Can someone tell me where I can buy rosewood lumber? Looking for 8" wide x 4' long and 4/4" thick or so.
I need a good quality deep red quarter sawn lumber.


----------



## joew (Apr 22, 2008)

Try http://www.thewoodyard.com. Just south of Altanta Ga. Great people to deal with


----------



## JoeyG (Mar 19, 2011)

http://www.walllumber.com/about.asp

I picked some up from here a couple of weeks ago and it is beautiful. I believe they ship also. There must be a place closer to you, it's just a matter of finding it. Good luck


----------



## Loren (May 30, 2008)

Look on ebay too. People sell all kinds of exotics and rosewood
is used in instrument making too.


----------



## patron (Apr 2, 2009)

check this

http://www.cookwoods.com/LumberPageMain.htm

and PM bibb

http://lumberjocks.com/bibb

he was selling 
may still have some left

good luck


----------



## RONFINCH (May 24, 2010)

http://neworleans.craigslist.org/mat/2444998338.html

Not sure if you found any yet, may be woth a try.


----------



## BentheViking (May 19, 2011)

I am in New Orleans. Not sure where you are, but there are plenty of lumber yards in the area one of which can probably get you rosewood, if they don't have it in stock.

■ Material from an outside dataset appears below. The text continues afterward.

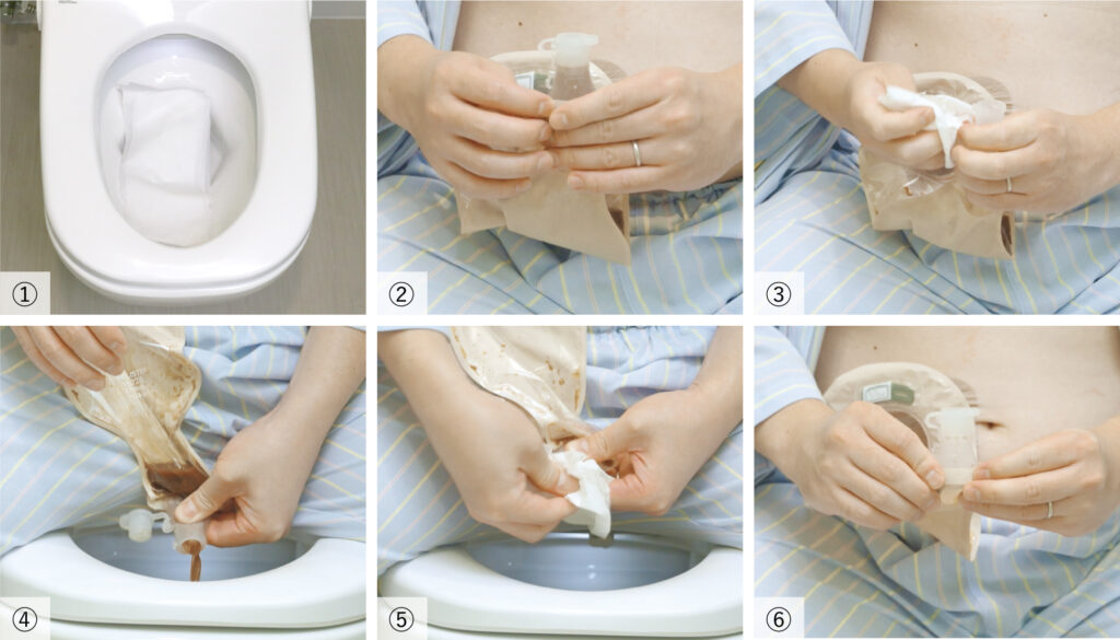 開放型の場合は、排出口を排出する場所に向け、排出口を開き便を押し出すようにして排出します(②)。排出口の部分に便が残らないようにするため、排出口の先端をトイレットペーパーなどできれいに拭きます(③)。さらに、臭いや汚れがつくのを防ぐため、「消臭潤滑剤」をストーマ袋(パウチ)に注ぎ足しましょう(④)。排出口を閉鎖し(⑤)、「消臭潤滑剤」をストーマ袋になじませます(⑥)。

Liberty Lumber, Riverside Fine Lumbers, Carruth Bros. Lumber, Wilson Bourg Lumbers, Gueydan Lumber

There are probably others, but those are the ones I have worked with. Riverside would be your best bet probably, but its way out in NO East.


----------



## Binn (Apr 24, 2010)

BentheViking,
I am in Denham Springs and will give these lumber yards a call, it has been hard to find. Thanks everyone for the information.


----------



## McKinneyMike (Feb 11, 2011)

Barry, We sell Rosewood, but 8" widths are rare as rare can be. I have seen probably three boards that wide in the past few years. Most is typically 3"-6" in width with an occasional 7" board here and there. Lengths are good to 5' usually, but 8" wide boards are generally snapped up for musical instrument stock well before it gets out of the distributors yards, if it is any good at all. Best of luck with your search!


----------